What you need to do.
Here the job is to retype the data word for word while leaving the pictures aside.

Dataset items
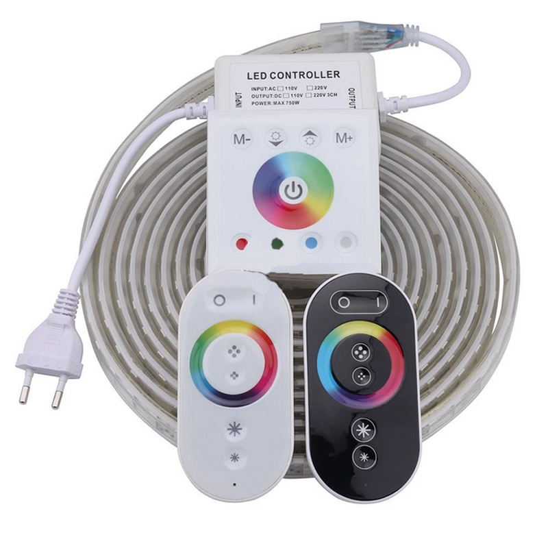 Bande lumineuse RGB LED à Double rangée avec télécommande, ruban décoratif, Flexible, étanche, 5050 V 110V, 120 diodes/M, 220V
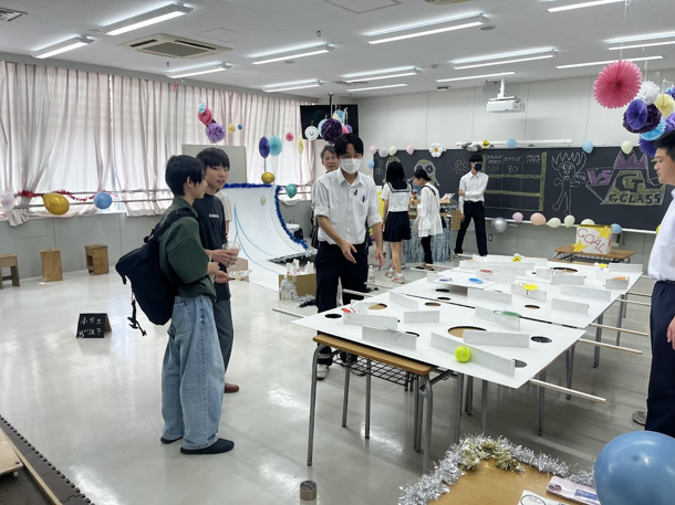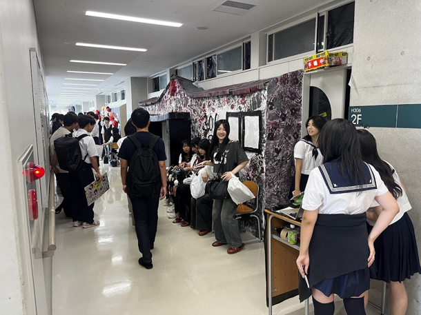 高校2年生は、夏休み前から準備してきた大型の仕掛けを用いたお化け屋敷やジェットコースター、トロッコ型シューティングゲームなど、迫力あるクラス展を展開。どれも長い行列ができるほどの大盛況でした。
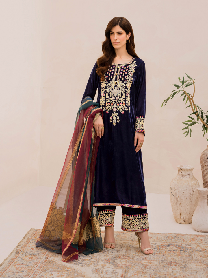 GARNET 3 PIECE EMBROIDERED VELVET SUIT (MAHIRA)
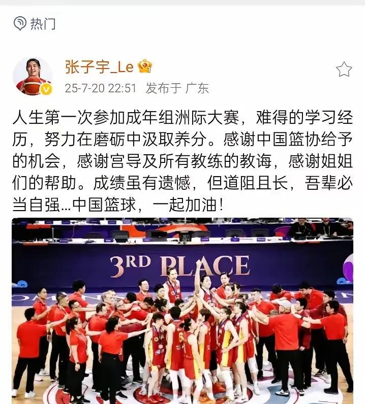 张子宇发文告别亚洲杯!!! 2025女篮亚洲杯已经结束,中国女篮遗憾获得季军,但
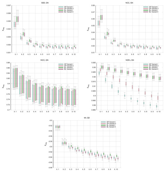 Table A2 shows the mean and the standard deviation of , , and the extrema of the Jacobian determinant obtained with the methods. For the spatial methods, gradient descent obtains the lowest values. For the BL methods, Gauss–Newton with the diagonal truncation shares the lowest values with gradient descent. The Jacobians reach more extreme values for the Gauss–Newton methods. These results break with the trend that we have observed for SSD and NCC-like metrics and open the possibility that, in some cases, gradient-descent finds better performing minima than Gauss–Newton–Krylov and it is, therefore, a preferable option.
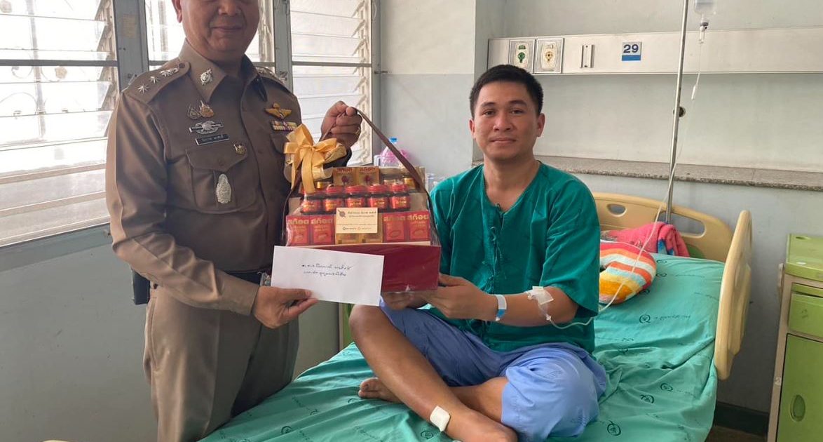 พ.ต.อ.นิลกาฬ พรศักดิ์ ผกก.สภ. อุทุมพรพิสัย เข้าเยี่ยม ให้กำลังใจ และมอบกระเช้า แก่ จ.ส.ต.สุรศักดิ์ โคตพันธ์ ผบ.หมู่(ป.)ฯ รักษาอาการที่ รพ.อุทุมพรพิสัย ต.กำแพง อ.อุทุมพรพิสัย
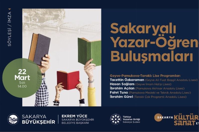 Sakarya Büyükşehir Belediyesi tarafında her ay düzenlenen kültür sanat etkinlikleri Geyve, Pamukova ve Taraklı’da bulunan lise programları ile devam edecek. Söyleşi-imza etkinliği saat 14.00’da başlayacak.
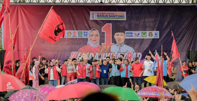 Pinggir – Meskipun Lapangan Suriname, Kelurahan Titian Antui, Kecamatan Pinggir Diguyur hujan, tidak menyurutkan antusias masyarakat untuk menghadiri Kampanye Akbar Pasangan Calon Bupati dan Wakil Bupati Bengkalis Nomor Urut 1 Kasmarni dan Bagus Santoso, (23/11/2024).

Exercise answer.
 Bande lumineuse RGB LED à Double rangée avec télécommande, ruban décoratif, Flexible, étanche, 5050 V 110V, 120 diodes/M, 220V
 高校2年生は、夏休み前から準備してきた大型の仕掛けを用いたお化け屋敷やジェットコースター、トロッコ型シューティングゲームなど、迫力あるクラス展を展開。どれも長い行列ができるほどの大盛況でした。
 GARNET 3 PIECE EMBROIDERED VELVET SUIT (MAHIRA)
 张子宇发文告别亚洲杯!!! 2025女篮亚洲杯已经结束,中国女篮遗憾获得季军,但
 Table A2 shows the mean and the standard deviation of , , and the extrema of the Jacobian determinant obtained with the methods. For the spatial methods, gradient descent obtains the lowest values. For the BL methods, Gauss–Newton with the diagonal truncation shares the lowest values with gradient descent. The Jacobians reach more extreme values for the Gauss–Newton methods. These results break with the trend that we have observed for SSD and NCC-like metrics and open the possibility that, in some cases, gradient-descent finds better performing minima than Gauss–Newton–Krylov and it is, therefore, a preferable option.
 พ.ต.อ.นิลกาฬ พรศักดิ์ ผกก.สภ. อุทุมพรพิสัย เข้าเยี่ยม ให้กำลังใจ และมอบกระเช้า แก่ จ.ส.ต.สุรศักดิ์ โคตพันธ์ ผบ.หมู่(ป.)ฯ รักษาอาการที่ รพ.อุทุมพรพิสัย ต.กำแพง อ.อุทุมพรพิสัย
 Sakarya Büyükşehir Belediyesi tarafında her ay düzenlenen kültür sanat etkinlikleri Geyve, Pamukova ve Taraklı’da bulunan lise programları ile devam edecek. Söyleşi-imza etkinliği saat 14.00’da başlayacak.
 Pinggir – Meskipun Lapangan Suriname, Kelurahan Titian Antui, Kecamatan Pinggir Diguyur hujan, tidak menyurutkan antusias masyarakat untuk menghadiri Kampanye Akbar Pasangan Calon Bupati dan Wakil Bupati Bengkalis Nomor Urut 1 Kasmarni dan Bagus Santoso, (23/11/2024).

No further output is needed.